The prospect of two incomes was so attractive that it led more agents to retire, Secret Service officials acknowledge. First, the agents disappeared from the workforce for months, using stored-up vacation days and waiting for retirement papers to be processed.

Then, when they returned, supervisors often sent the so-called rehired annuitants to work desk jobs, far from the protective assignments the agency most needed to fill, according to four former officials.

Agency bosses tried to fix it. After Cheatle took over the agency in 2022, she moved to cut the pay that certain new participants could receive to reduce the incentive for them to retire early. And she ordered closer supervision of how the rehired agents were being assigned.

The agency also faced a disillusioned workforce, with the widespread perception that the promotion system was at times driven more by personal connections than merit.

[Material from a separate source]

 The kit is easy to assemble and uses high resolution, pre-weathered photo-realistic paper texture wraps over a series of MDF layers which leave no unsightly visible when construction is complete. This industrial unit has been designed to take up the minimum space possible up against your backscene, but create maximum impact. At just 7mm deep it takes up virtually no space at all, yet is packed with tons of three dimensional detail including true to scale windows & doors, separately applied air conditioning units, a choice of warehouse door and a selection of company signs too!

In 2019, a Secret Service veteran named Alfonso M. Dyson became the second-in-command of the uniformed division, whose officers guard the White House in police-style gear.

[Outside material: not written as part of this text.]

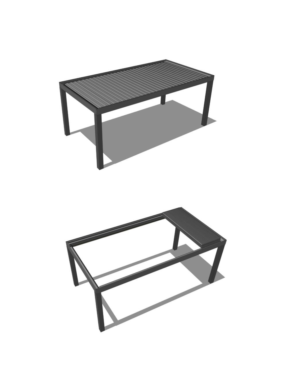 - Material: The pergola blades are 6063-T6 aluminium, and the rest of the parts are 6063-T5 aluminium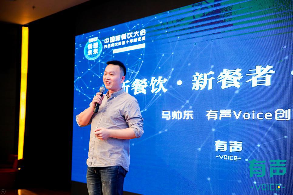 随后,本次大会进入“新餐饮100人启动仪式”环节。作为有声Voice创始人,马帅东上台做阐释,表示这其实是一个联盟性的组织,是有声联合背后的资源如通江资本、开始吧这样的资方、食云集这样的服务方等一起共同打造的一个深挖餐饮行业的垂直栏目。

While in that job, Dyson also moonlighted as a real estate agent in Maryland. Records show he represented at least three of his subordinates in buying or selling homes.

Dyson was promoted in January 2022, becoming chief of the uniformed division. After that, two of his subordinates who were former real estate clients were promoted, according to Secret Service records. Promotions are supposed to be based on merit, but the chief helps pick officers who receive them.

Dyson, who retired last year, declined to answer detailed questions from the Times.

Rowe said the department’s inspector general was asked to review the matter. The inspector general declined to comment.

Cheatle took a number of steps to try to retain employees, including enhancing subsidized child care and offering bonuses to more senior agents and officers if they committed to remaining after they were eligible for retirement.

By this summer, the service had reached 8,100 employees, its highest level ever.

However, that total is still below what the agency said it would reach by 2023 and much lower than the roughly 10,000 employees officials say they need by 2026 to run the agency smoothly, without constant emergency requests for overtime work.

But even the rank and file who remain often feel ill-equipped to perform their duties. They train in dilapidated facilities. They pine for modern technology that would ease their load. And even when they get new equipment, they are often not properly trained on how to use it.

On July 13, when Thomas Crooks fired at Trump in Butler, Pennsylvania, even basic radios were unreliable.

In October 2021, two agency staff members sent a confidential memo to top Secret Service officials urging the creation of a specialized drone unit that would accompany presidential protectees the way countersniper units do. This aerial reconnaissance team would be trained to use drones to provide the Secret Service a live overview with which to detect hostile forces and threats.

But the Secret Service moved slowly to embrace such a plan. In Butler, the would-be assassin had a drone, but the service did not. Only now is the agency moving to broadly build out the drone team.